RLOOAdvantage
RLOO (Reinforcement Learning with Leave-One-Out) advantage function uses leave-one-out method to calculate baselines.
Usage Example
from twinkle.advantage import RLOOAdvantage
advantage_fn = RLOOAdvantage()
rewards = [0.0, 1.0, 0.0, 1.0, 1.0, 0.0, 0.0, 0.0]
advantages = advantage_fn(rewards, num_generations=4)
# For each sample, the baseline is the mean of all other samples
# First sample in first group: 0.0 - mean([1.0, 0.0, 1.0]) = 0.0 - 0.667 = -0.667
# ...
How It Works
For each sample, RLOO:
Calculates the mean reward of all other samples in the group (leave-one-out baseline)
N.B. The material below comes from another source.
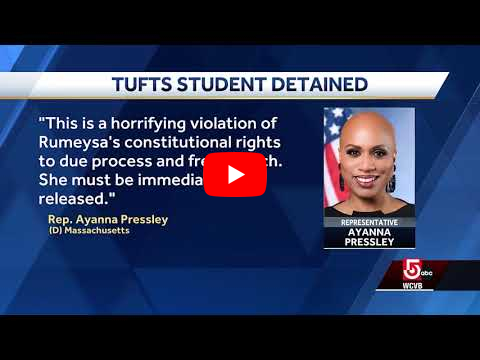 Keywords: Ayanna Pressley,Boston,F-1 visa,Massachusetts,Maura Healey,Michelle Wu,Rumeysa Ozturk,Tufts University,elizabeth warren,free speech,ice,somerville,wcvb

Advantage = sample reward - leave-one-out baseline
Optionally normalizes the values
RLOO advantages:
Avoids using the sample’s own information as baseline, reducing bias
More accurate counterfactual baseline estimation
Better performance when there are more samples
Training Example
from twinkle.advantage import RLOOAdvantage
from twinkle.model import TransformersModel
from twinkle.sampler import vLLMSampler
from twinkle.reward import MathReward
# Create components
actor = TransformersModel(model_id='ms://Qwen/Qwen3.5-4B')
sampler = vLLMSampler(model_id='ms://Qwen/Qwen3.5-4B')
reward_fn = MathReward()
advantage_fn = RLOOAdvantage()
dataloader = ...
# Training loop
for batch in dataloader:
# 1. Sample generation (generate more samples to improve RLOO effectiveness)
response = sampler.sample(batch, num_samples=8)
# 2. Calculate rewards
rewards = reward_fn(response.trajectories, batch.ground_truths)
# 3. Calculate advantages
advantages = advantage_fn(rewards, num_generations=8)
# 4. Policy optimization
loss = actor.forward_backward(
inputs=response.inputs,
advantages=advantages
)
actor.clip_grad_and_step()
RLOO is theoretically superior but requires more samples (recommend 8 or more samples per prompt).